The company calculates EBITDA for purposes of the credit facility debt as net income or loss excluding: (1) interest expense; (2) provision for income taxes, including income taxes applicable to sale of assets; (3) depreciation and amortization; and (4) unconsolidated real estate entity items including interest, depreciation and amortization excluding gains and losses from sales of real estate. The company believes EBITDA is useful to investors in evaluating and facilitating comparisons of its operating performance because it helps investors compare the company’s operating performance between periods and between REITs by removing the impact of its capital structure (primarily interest expense) and asset base (primarily depreciation and amortization) from its operating results. In addition, the company uses EBITDA as one measure in determining the value of hotel acquisitions and dispositions.

The company calculates EBITDAre in accordance with NAREIT guidelines, which defines EBITDAre as net income or loss excluding interest expense, income tax expense, depreciation and amortization expense, gains or losses from sales of real estate, impairment, and adjustments for unconsolidated joint ventures. We believe that the presentation of EBITDAre provides useful information to investors regarding the Company's operating performance and can facilitate comparisons of operating performance between periods and between REITs.

The company calculates Adjusted EBITDA by further adjusting EBITDA for certain additional items, including other charges, losses on the early extinguishment of debt, amortization of non-cash share-based compensation and similar items related to its unconsolidated real estate entities, which it believes are not indicative of the performance of its underlying hotel properties entities. The company believes that Adjusted EBITDA provides investors with another financial measure that may facilitate comparisons of operating performance between periods and between REITs that report similar measures.

Adjusted Hotel EBITDA is defined as net income before interest, income taxes, depreciation and amortization, corporate general and administrative, impairment loss, loss on early extinguishment of debt, interest and other income and income or loss from unconsolidated real estate entities. The Company presents Adjusted Hotel EBITDA because the Company believes it is useful to investors in comparing its hotel operating performance between periods and comparing its Adjusted Hotel EBITDA margins to those of our peer companies. Adjusted Hotel EBITDA represents the results of operations for its wholly owned hotels only.

Although the company presents FFO, Adjusted FFO, EBITDA, EBITDAre, Adjusted EBITDA and Adjusted Hotel EBITDA because it believes they are useful to investors in comparing the company’s operating performance between periods and between REITs that report similar measures, these measures have limitations as analytical tools.

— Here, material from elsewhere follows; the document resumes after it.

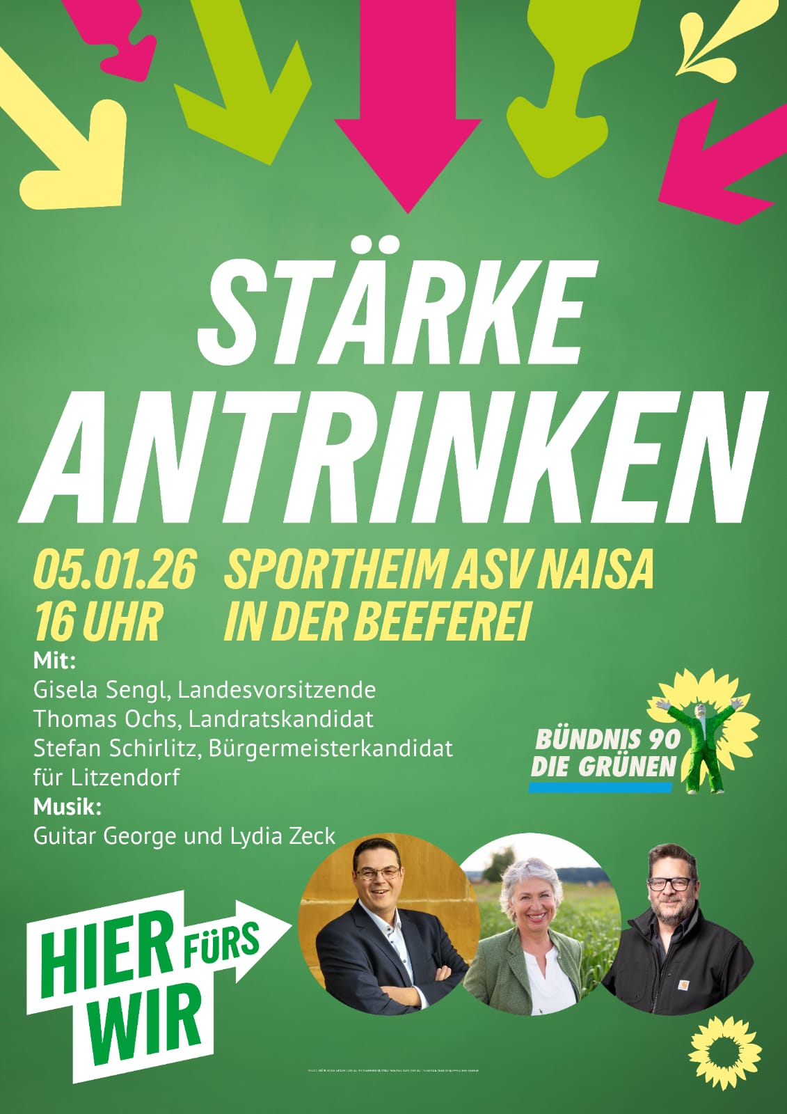 Zum Jahresauftakt laden die Grünen im Ellertal am 5. Januar 2026 zum traditionellen Stärke antrinken in das Sportlerheim des ASV Naisa ein. Nach dem großen Erfolg im letzten Jahr mit Toni Hofreiter als Redner kommt dieses Mal Gisela Sengl, die Landesvorsitzende der Grünen in Bayern, nach Litzendorf, um in das Wahljahr 2026 einzustimmen.

Some of these limitations are:

  • FFO, Adjusted FFO, EBITDA, EBITDAre, Adjusted EBITDA and Adjusted Hotel EBITDA do not reflect the company’s cash expenditures, or future requirements, for capital expenditures or contractual commitments;
  • FFO, Adjusted FFO, EBITDA, EBITDAre, Adjusted EBITDA and Adjusted Hotel EBITDA do not reflect changes in, or cash requirements for, the company’s working capital needs;
  • FFO, Adjusted FFO, EBITDA, EBITDAre, Adjusted EBITDA and Adjusted Hotel EBITDA do not reflect funds available to make cash distributions;
  • EBITDA, EBITDAre, Adjusted EBITDA and Adjusted Hotel EBITDA do not reflect the significant interest expense, or the cash requirements necessary to service interest or principal payments, on the company’s debts;
  • Although depreciation and amortization are non-cash charges, the assets being depreciated and amortized may need to be replaced in the future, and FFO, Adjusted FFO, EBITDA, EBITDAre, Adjusted EBITDA and Adjusted Hotel EBITDA do not reflect any cash requirements for such replacements;
  • Non-cash compensation is and will remain a key element of the company’s overall long-term incentive compensation package, although the company excludes it as an expense when evaluating its ongoing operating performance for a particular period using adjusted EBITDA;
  • Adjusted FFO, Adjusted EBITDA and Adjusted Hotel EBITDA do not reflect the impact of certain cash charges (including acquisition transaction costs) that result from matters the company considers not to be indicative of the underlying performance of its hotel properties; and
  • Other companies in the company’s industry may calculate FFO, Adjusted FFO, EBITDA, EBITDAre, Adjusted EBITDA and Adjusted Hotel EBITDA differently than the company does, limiting their usefulness as a comparative measure.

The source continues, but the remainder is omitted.